This website covers topics on knowledge management, personal effectiveness, theory of constraints, amongst other topics. Opinions expressed here are strictly those of the owner, Jack Vinson, and those of the commenters.

10 Signs You Don't Really Know Microsoft Project

PMConnection gives us 10 Signs You Don't Really Know Microsoft Project:

  1. You manually create a Project Summary Task
  2. You "hard code" dates
  3. You don't input the teams estimated Duration on all tasks
  4. Your tasks don't start with a verb
  5. You assign Predecessors to Summary Tasks
  6. You assign Resources to Summary Tasks
  7. You never inspect the critical path tasks
  8. You never search for (or eliminate) Resource Over-Allocations
  9. You never Baseline your schedule
  10. You never update your schedule to align with reality

Interesting, but why are these things signs that you don't know MS Project (or any other project-setup tool for that matter)?  Here is my perspective on these statements above.

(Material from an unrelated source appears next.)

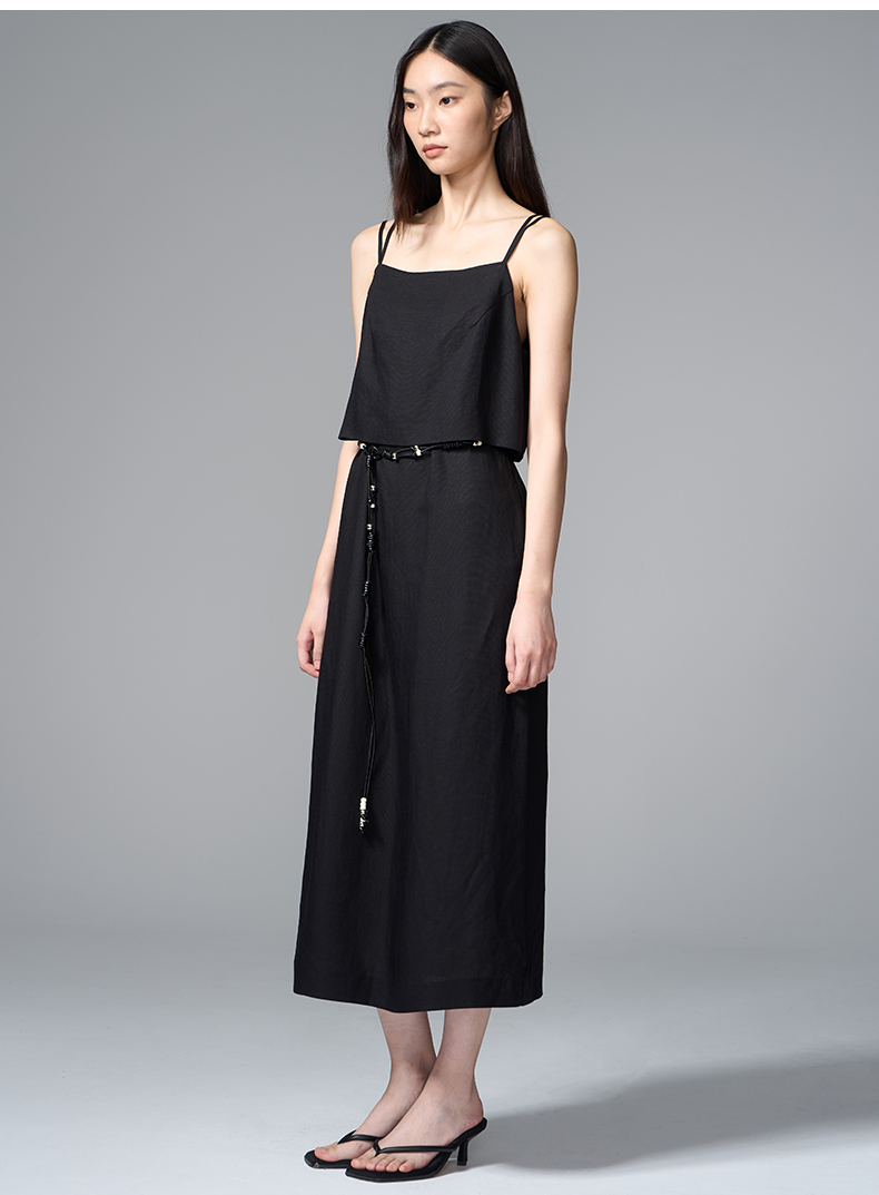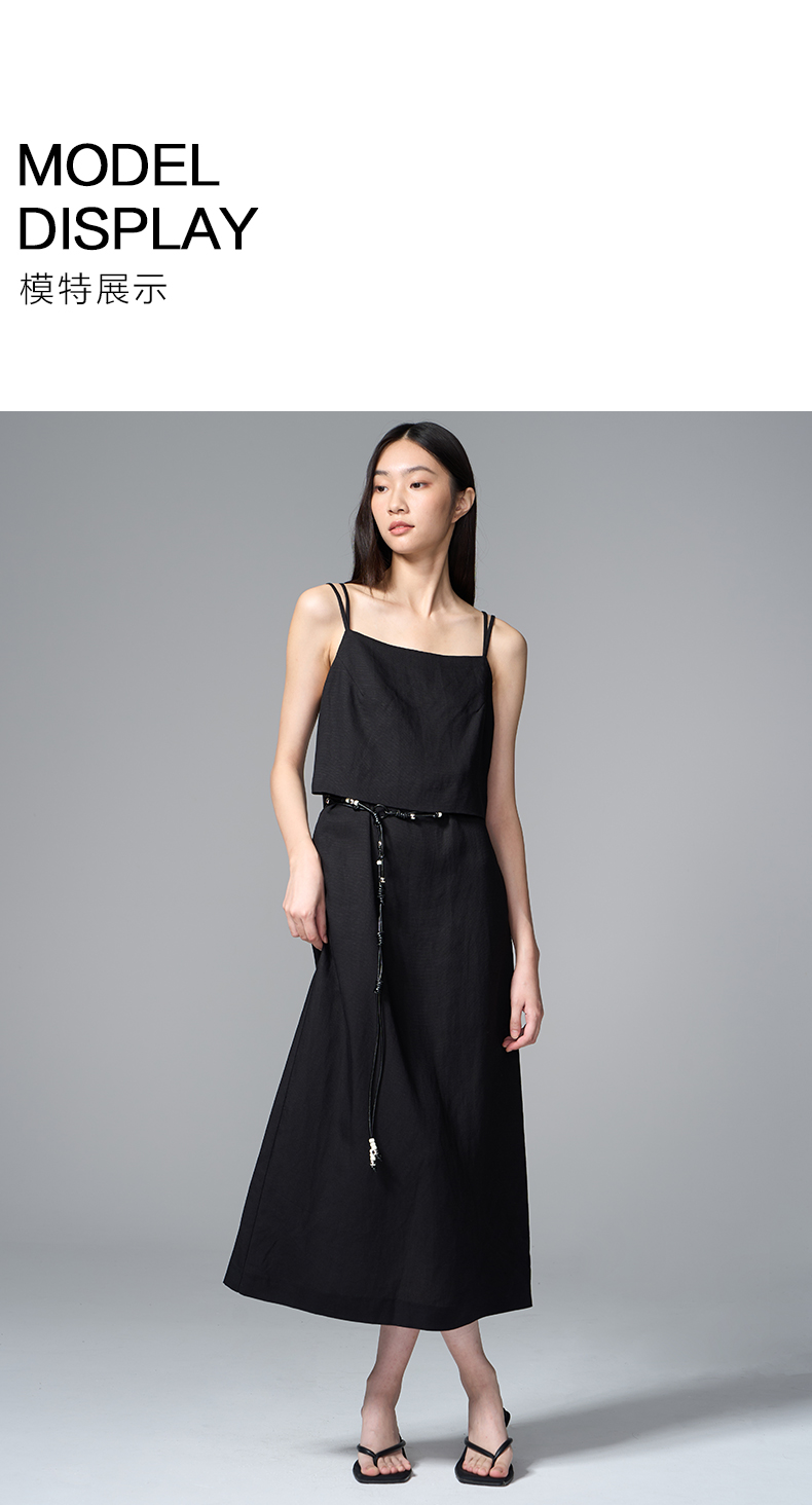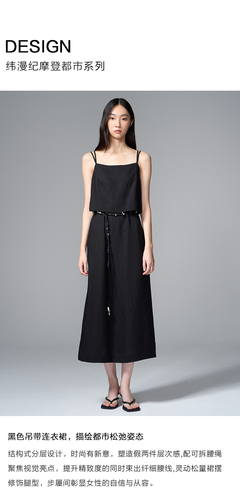 VIMAGE纬漫纪气质通勤显瘦收腰假两件黑色吊带连衣裙2025秋季新款V2407104

  1. I think this is a purely mechanical aspect.  It's a waste of effort to create an overall summary task, but I don't think it really affects calculations and the end result.
  2. Hard-coded dates are a definite mistake.  At best a project plan is an educated guess of what is going to happen in the project.  Activities never take exactly the time allotted to them, and there are those surprises that throw off timing.  It's much better to status the project regularly and keep in communication with the team on what activities are active in the current time period.
  3. Without estimated durations, you cannot even claim to have an educated guess as to the project time line.  However, I have used default durations to build templates and to play around with the project network.
  4. Another mechanical aspect of building project networks, but having tasks that are actions is a nice way to be clear about what is involved.
  5. Summary tasks are merely visual place holders for users.  They shouldn't contain predecessor/successor links or any other data that will end up confusing project calculations. 
  6. As above.  Assigning "Bill" to the summary task will not show the proper loading for "Bill" over the time involved in that task.
  7. Neglecting to inspect the project plan is not a good idea.  But neglecting to inspect the "critical path" is a sure way to execution problems.  This is the longest path through the network, and mistakes here will derail the project instantly.  (I prefer checking the critical chain, but it's the same result.)
  8. The nice thing about Critical Chain Project Management is that it attempts to remove resource allocations resolve resource contentions in the identification of the critical chain.  And then execution of the project uses buffers to manage situations where resources become over-allocated due to the natural task variations during execution. [Corrected on 2 Feb 2012, thanks to a reader comment.]
  9. The baseline helps compare what you thought would happen to what is really happening during execution.  I prefer monitoring the buffers provided by CCPM software.
  10. Good execution of projects requires that you update the activities in the project with what is happening.  Otherwise, the educated guess you had at the start of the project becomes a pretty picture for your cubicle with little connection to reality.  CCPM execution of projects cannot work without regular "how much time remaining" updates on open tasks.

What about some other signs?  One of my favorites is signs that you don't know how to execute a project (holding people to the dates in the original plan, forced-multitasking, assuming local success creates overall success).